A move by the central bank to limit shareholding for individuals, families, and institutions has met with fierce opposition from the Bangladesh Association of Banks (BAB), an organization of bank owners, sparking a debate over the future of corporate governance in Bangladesh's financial sector.
Under the draft Bank Company (Amendment) Act 2025, Bangladesh Bank has proposed that no person, family, or institution may directly or indirectly hold more than a 5 percent stake in more than one bank simultaneously.
The Financial Institutions Division (FID) of the Ministry of Finance held a meeting last week, chaired by FID Secretary Nazma Mobarek, to discuss the addition of three new sub-sections to Section 14/B of the law. The primary objective is to prevent vested interest groups from exerting undue influence over multiple financial institutions at once.

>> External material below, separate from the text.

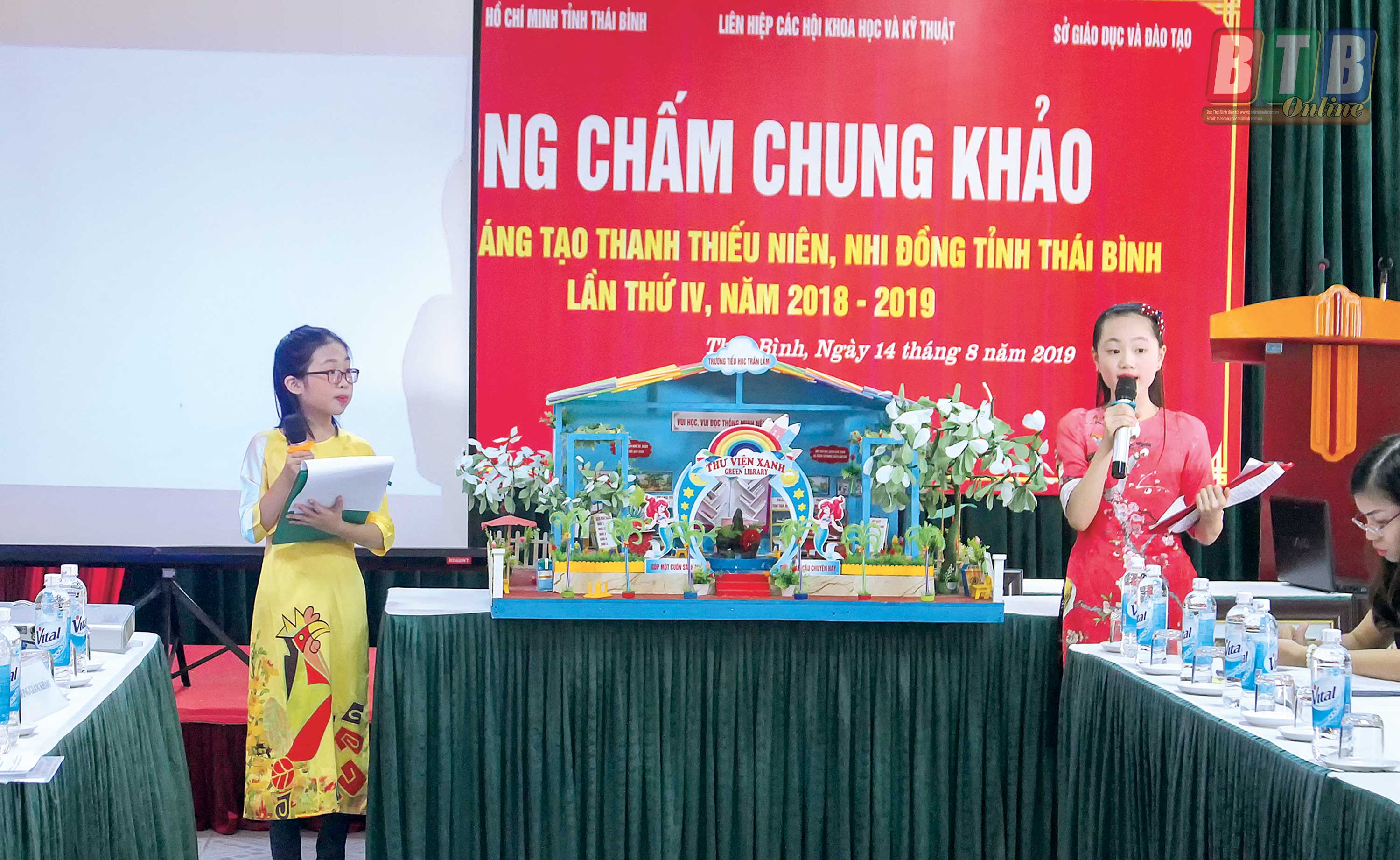 Học sinh Trường Tiểu học Trần Lãm (thành phố Thái Bình) với nghiên cứu mô hình thư viện xanh.

Three legislative changes are proposed to achieve the desired result:
If a person or entity owns 2 percent or more of one bank, they cannot hold a similar 2 percent stake in any other bank.

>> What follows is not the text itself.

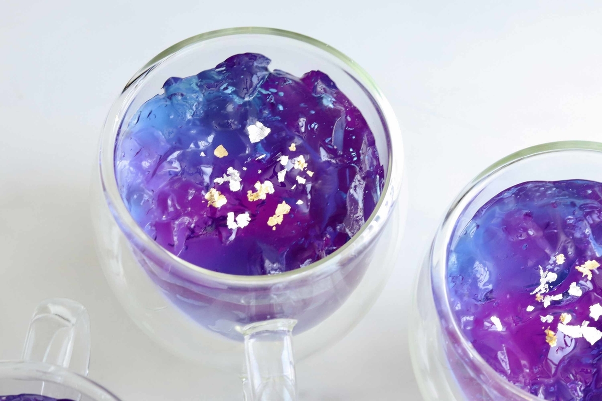あとはブルーハワイゼリーを冷やし固めて、カルピスゼリーの上にランダムにのせ、最後にアラザンや銀箔・金箔を上に散らせば完成~!こちらもバタフライピーに負けないくらい綺麗なのでオススメです👍

Even if an investor holds more than 5 percent of a bank's shares, their voting rights will be capped at 5 percent (excluding the government and non-profit/strategic investors).
Current regulations allow an investor to hold up to 10 percent of a bank’s shares with "one share, one vote" rights, and there are no restrictions on holding shares in multiple banks.

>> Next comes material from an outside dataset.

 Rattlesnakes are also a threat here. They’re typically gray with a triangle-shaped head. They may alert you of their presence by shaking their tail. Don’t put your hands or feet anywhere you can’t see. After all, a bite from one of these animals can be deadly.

The Bangladesh Association of Banks (BAB), representing private bank owners, has strongly opposed the move. BAB representatives argued that general shareholders do not influence policy; rather, the Board of Directors does. They contend that since there are already proposals to reduce the number of family members on boards, further limits on shareholding are unnecessary and "excessively strict."
BAB further proposed that the definition of a "family" be limited to spouses and dependent members, and that the maximum family shareholding limit be increased to 25 percent.
Conversely, Bangladesh Bank officials highlighted the recent devastation caused by a single large conglomerate that gained majority control over six banks. Central bank representatives stated that this group manipulated policies to loot thousands of crores of taka, leaving hundreds of thousands of depositors in jeopardy.
"The government had to inject Tk 20,000 crore of public money at the end of last year to compensate depositors of five merged private banks," officials noted during the meeting.
FID Secretary Nazma Mobarek stated that more time is needed to finalize the amendments due to the significant differences in opinion between the central bank and the BAB.
"We have asked the central bank officials and BAB representatives to reach a consensus before the next meeting," the Secretary said.